Объяснив, как туда добраться, они потребовали плату, побросали в лодку свое добро и уплыли. Такая поспешность насторожила русичей. Семеро потянули байдару бечевой. В темноте, переменив место, ночевали с осторожностью. С рассветом осмотрелись и, не заметив ничего подозрительного, двинулись дальше.
Торжок располагался на ровном месте в излучине реки, среди редколесья было много остывших кострищ.
— Вот тебе и ярмарка! — оглядываясь по сторонам, пробормотал Кусков.
Лицо его обросло бородой, в длинных волосах прибавилось седины.

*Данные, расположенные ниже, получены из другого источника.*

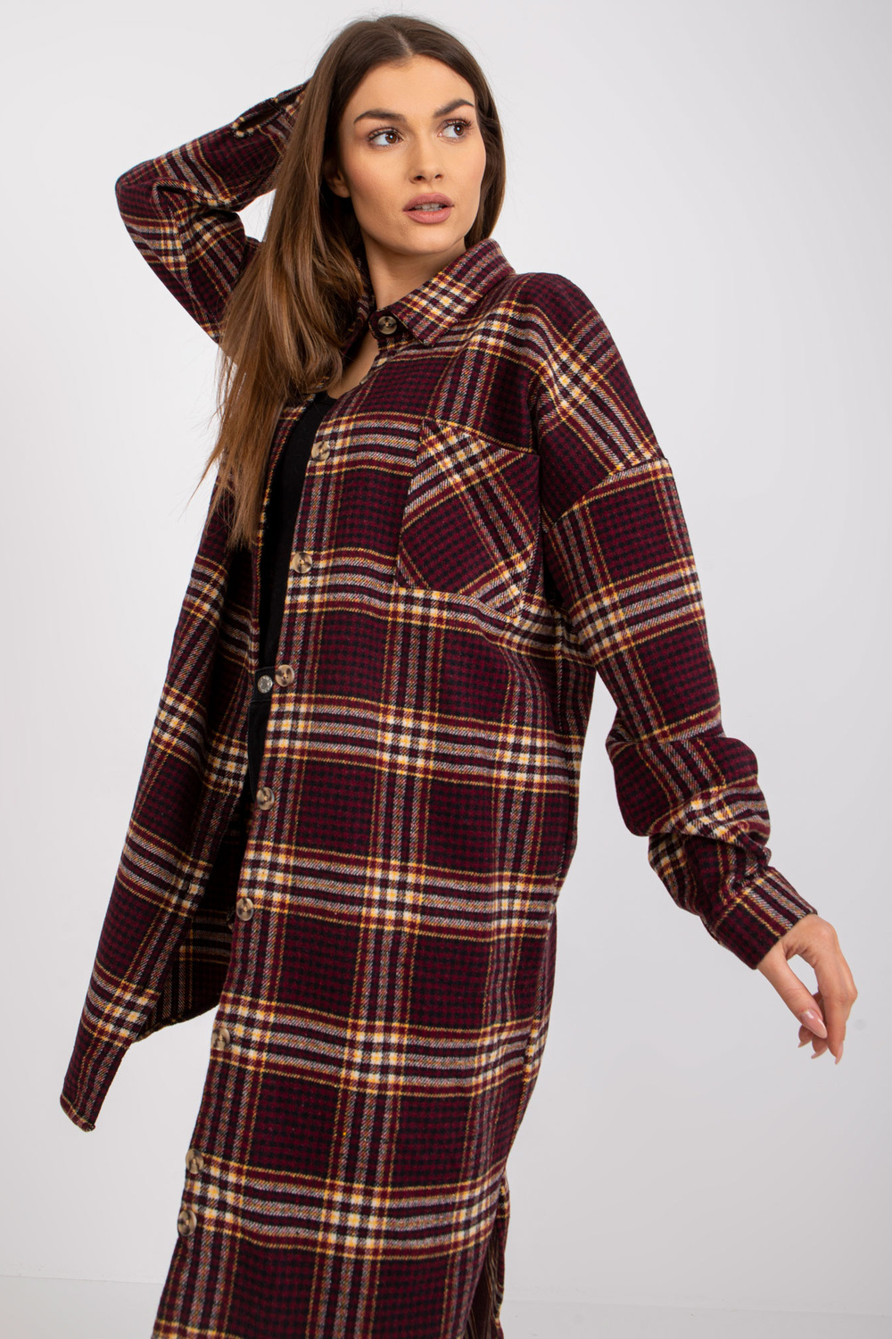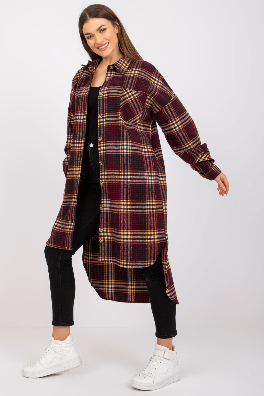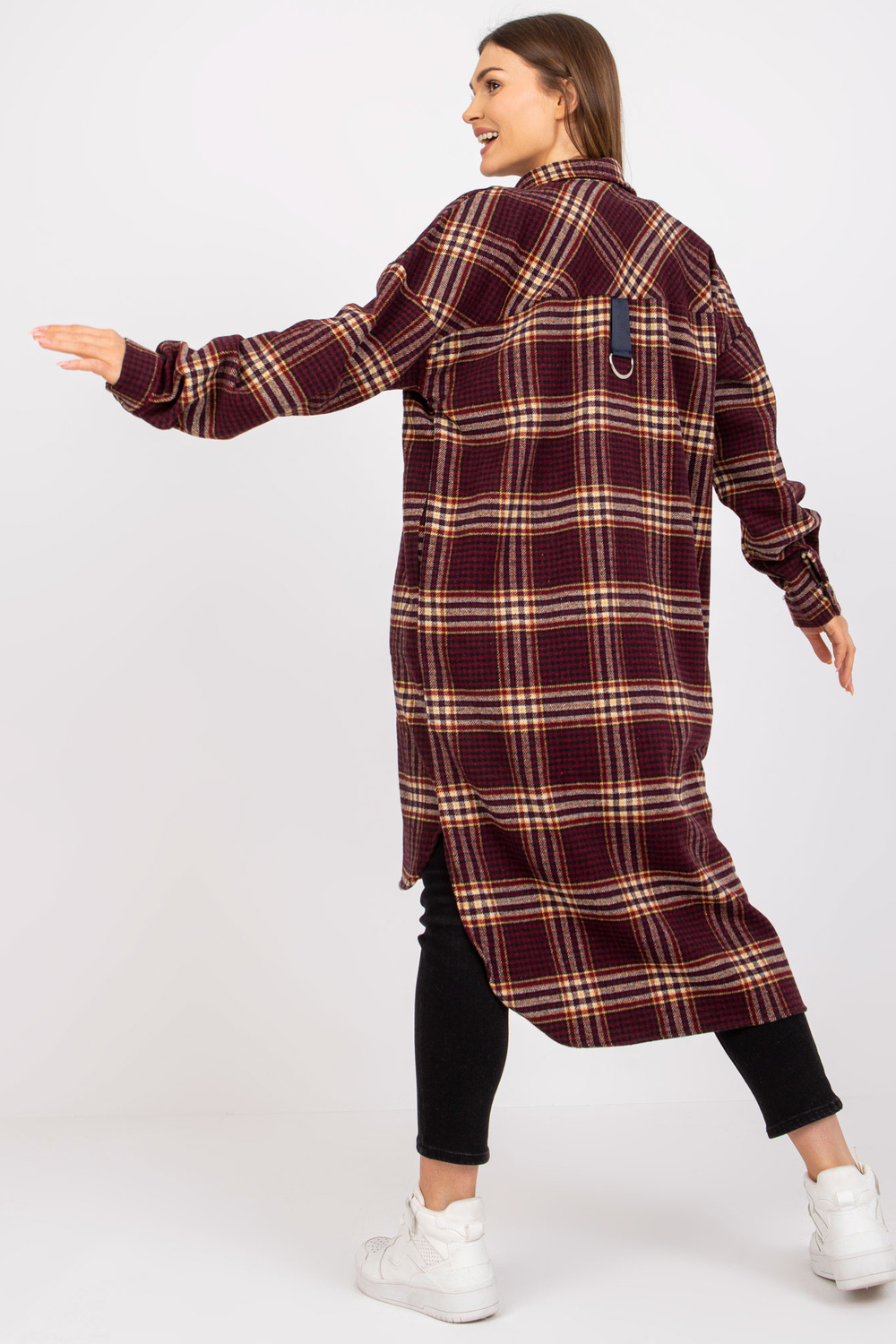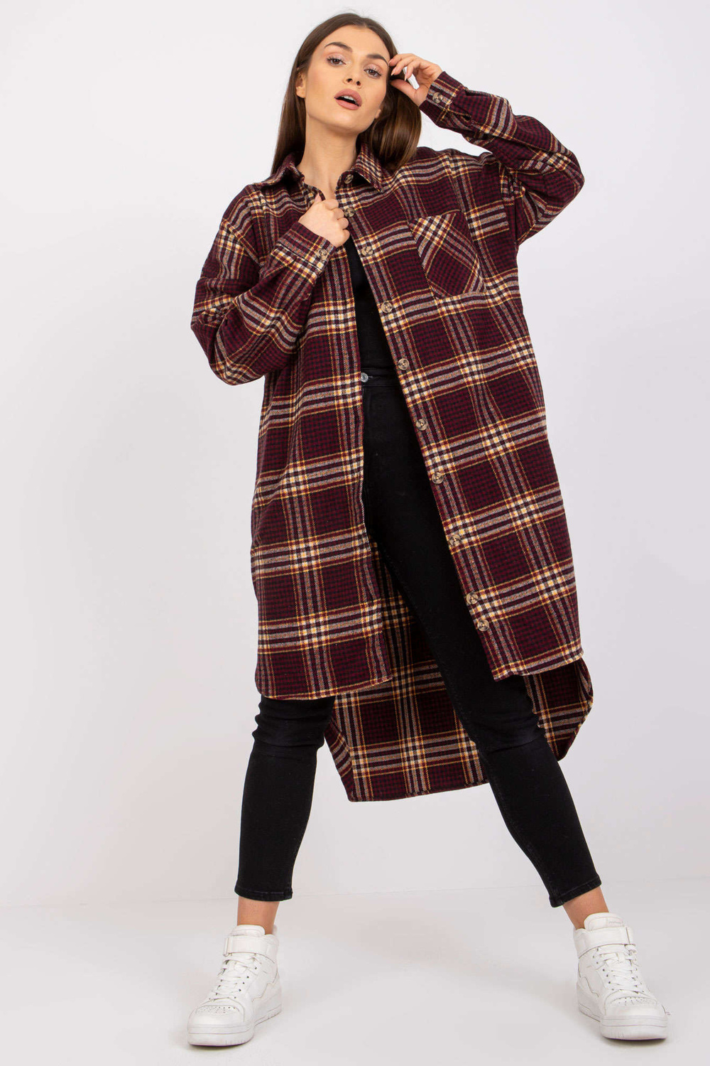 Burgundygellow ilgi languoti marškiniai ilgomis rankovėmis.

Посоветовавшись, ватажка выбрала место с нависшими над водой ветвями деревьев вдали от излучины. Под ними спрятали байдару, разгружать ее не спешили. Сысой, Василий и Прохор занялись обустройством ночлега. Лукин, Кусков, Коновалов и Баженов, которого все-таки взяли с собой, с оружием отправились искать тропу к перевалу, присматривали, где бы спрятать привезенное добро. Этот товар не давал ватажке покоя. При небольшой охране находиться на чужой земле с таким богатством было не безопасно.
К утру в сухом месте промышленные зарыли флягу с порохом, запас пуль и картечи, двадцать одеял, топоры, бисер, флягу водки. На другой день на видном месте развели костер и устроили дневку. Лукин с Коноваловым несколько раз ходили к тайнику и при разных высотах солнца высматривали, не остались ли какие-нибудь следы. У костра пекли рыбу и мясо, поджидали местный народ, но никто не подошел к лагерю.

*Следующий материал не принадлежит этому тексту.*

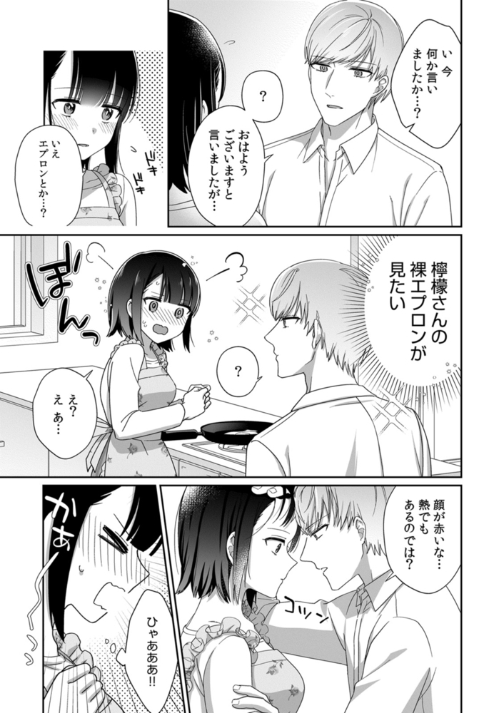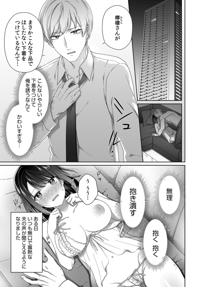 【電子書店、描き下ろしイラスト1P収録】「抱く、抱く、抱き潰す」ある日、無口で寡黙な夫の声が聞こえるようになりました。私たちは結婚1か月目の夫婦。夫の大地さんは家柄も良く、眉目美麗、文武両道、学生時代からの憧れの人。なのに、結婚式から1か月、私たちは未だに初夜を迎えていません。素敵だけど無口な大地さん、何を考えているか悩んでいる時に、こけて頭を打ったら、心の声が聞こえるようになりました。「俺の奥さんは本当に可愛いな」「檸檬さんの裸エプロンが見たい」「なんだこの可愛い生き物は○すぞ? 良いのか? ○すぞ!!」大地さんのイメージとはちょっと違うセリフもありましたが、大地さんもその気だと分かり、私もその気になり、ちょっとHな下着をつけて、結婚1か月目の夜を待ちました。でも、その日は大地さんの帰りが遅くて…!?
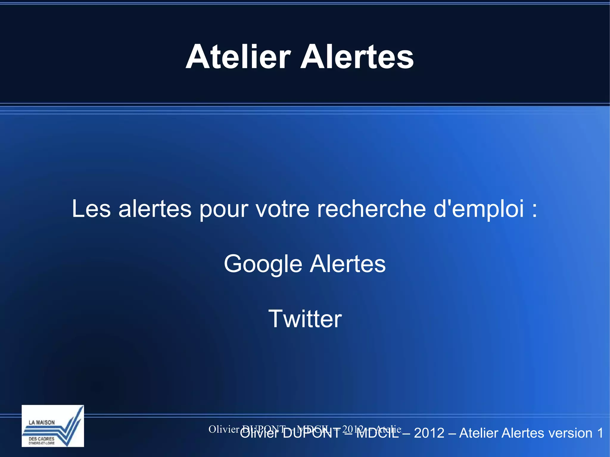 L'atelier sur les alertes pour la recherche d'emploi présente des outils comme Google Alerts et Twitter pour aider les chercheurs d'emploi à recevoir des informations pertinentes. Il décrit les objectifs, la procédure, et les meilleures pratiques pour utiliser ces plateformes efficacement. Des conseils sont également fournis pour optimiser la visibilité et éviter les pièges liés à ces outils.

Лукин с Васильевым всю ночь стояли в карауле, на рассвете разбудили спавших товарищей:
— Идти надо! — сказали. — Не похоже, чтобы кто-то нас видел! Так и до весны прождать можно.

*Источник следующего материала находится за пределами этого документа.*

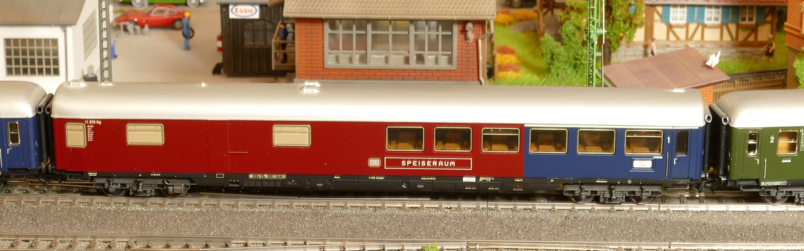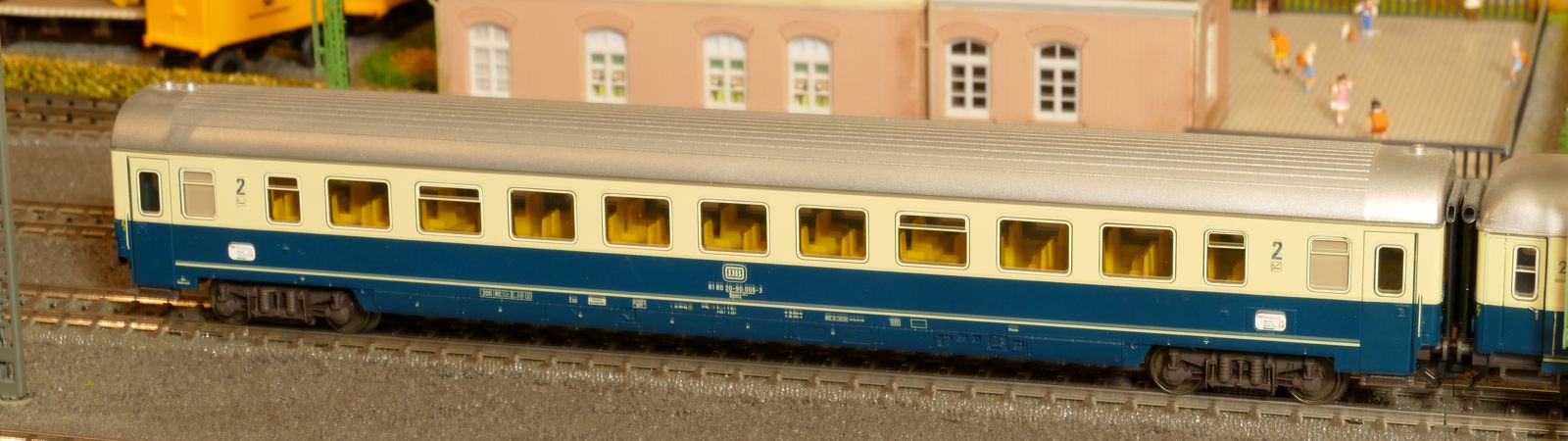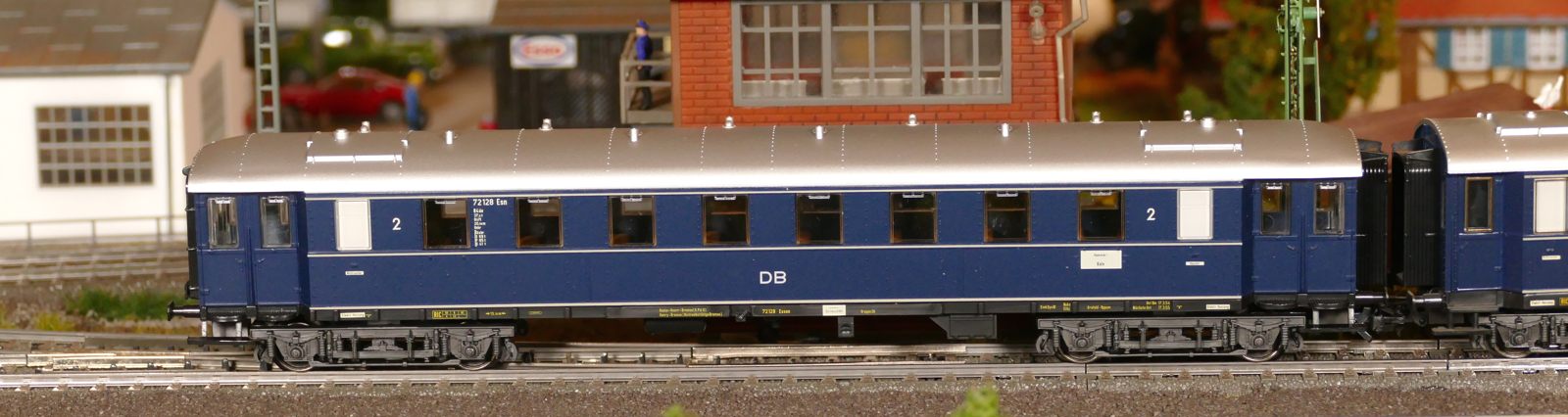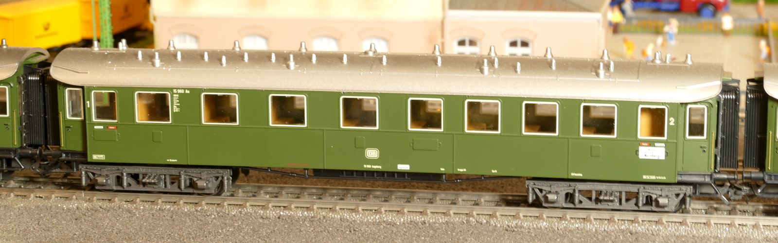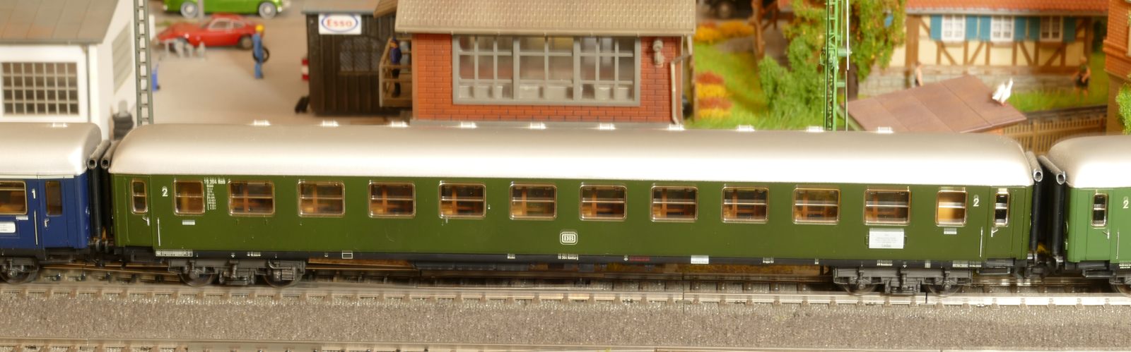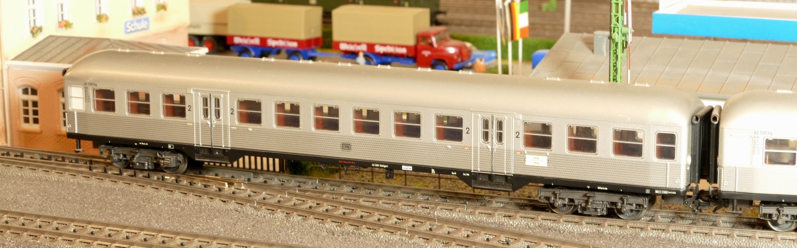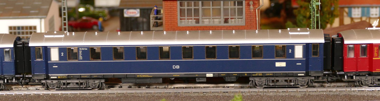In den Nachkriegsjahren war die Personenbeförderung auf den Lang- oder Fernstrecken eine Sache der Schnellzüge, Eilzüge oder D-Züge. Wobei meines Wissens die Begriffe D-Zug und Schnellzug das Gleiche meinen. Verbindungen zwischen großen Städten wurden von diesen Zugtypen angeboten. In der Regel kann man davon ausgehen, dass die Eilzüge es weniger eilig hatten als die Schnellzüge, weil sie deutlich mehr Unterwegshalte zu bedienen hatten. Beispielsweise hatte der „Heckeneilzug“ E451/452 Bremen/Frankfurt, dem ich ja unter dem Menüpunkt Eisenbahn ein Extra-Kapitel gewidmet habe, da er auch Büren anlief, 22 Unterwegshalte zwischen den beiden Großstädten. So ist die Durchschnittsgeschwindigkeit von 40km/h (1949), 44km/h (1959) und 55km/h (1973) besser einzuordnen. Ich fahre ihn autentisch (1960er) mit 6 Wagen, darunter 4 Silberlinge. Einer weiterer Heckeneilzug des Jahres 1974 war der E1642. Dieser Zug fuhr von Braunschweig nach Aachen und nahm dabei den Laufweg über die Städte Kreiensen – Holzminden – Wehrden (Weser) – Beverungen – Scherfede – Brilon Wald (mein Brilion-Wald auf der Modellbahn) – Schwerte – Hagen – Wuppertal – Köln nach Aachen. Der E1642 war mit einer BR216 bespannt und zog 4 Vierachser: Gepäckwagen grün, 1./2. Klasse Wagen grün, zwei 2. Klasse Wagen, grün. Andere Beispiele sind der E633/634 zwischen Altenbeken und Hamburg oder der E347/348 zwischen Aachen und Hagen. Schnellzüge in dieser Zeit waren da schon deutlich flotter unterwegs, da sie ja auch meist auf den Eisenbahn-Magistralen mit wenig Kurven fuhren und weniger Zwischenhalte zu bedienen hatten. 80 bis 100km/h Durchschnittsgeschwindigkeit wurden damals schon von den schnellsten Zügen erreicht, wobei meistens mit max. 120km/h gefahren werden durfte. Verbindungen wie Stuttgart – Hamburg, Köln – Kiel, Bonn – Hannover, Innsbruck – Dortmund oder gar München – Kiel (1200km in ca. 14 Stunden) stehen für diese Art von Zügen. Na ja, das Reisen damals war doch sehr unterschiedlich zu heute. Zugfenster, die zu öffnen sind, niedrige Bahnsteige, Schwerstarbeit für das Besteigen mit großen Koffern in die hohen Wagen durch schmale Türen, Dampf und Russ allerorten, Bahnsteigkontrollen, Pünktlichkeit. Wenn man selbst unpünktlich war, konnte man sogar dem anfahrenden Zuf nachrennen und auf die Stufen springen, da die Tür natürlich von außen noch zu öffnen war. Ich kenne das aus eigener Erfahrung. Um nur ein paar Fakten in der Zeit der guten alten Bundesbahn zu nennen.

Каждый стрелок взял по ружью и пистолету, по ножу и топору, по нескольку одеял, котлу, да мелкого товара на мену и съестной припас. К полудню под перевалом все семеро поняли, что с таким грузом далеко не уйти.
— Ишь, как обленились, — тяжело дышал, Григорий. — Все на байдарах да на судах, а как пешком — так и задохлись…
После полудня отряд с трудом поднялся к седловине и все попадали на землю. Коновалов, вытирая шапкой лицо, сказал то, что думали другие:
— Разгружаться надо. Идем, ничего не видим кроме ног. Нас голыми руками возьмут!
Здесь, среди скал, решили спрятать часть одеял, топоров, котлов и другой поклажи. Вниз зашагали легко и весело, перекидывая ружья с плеча на плечо.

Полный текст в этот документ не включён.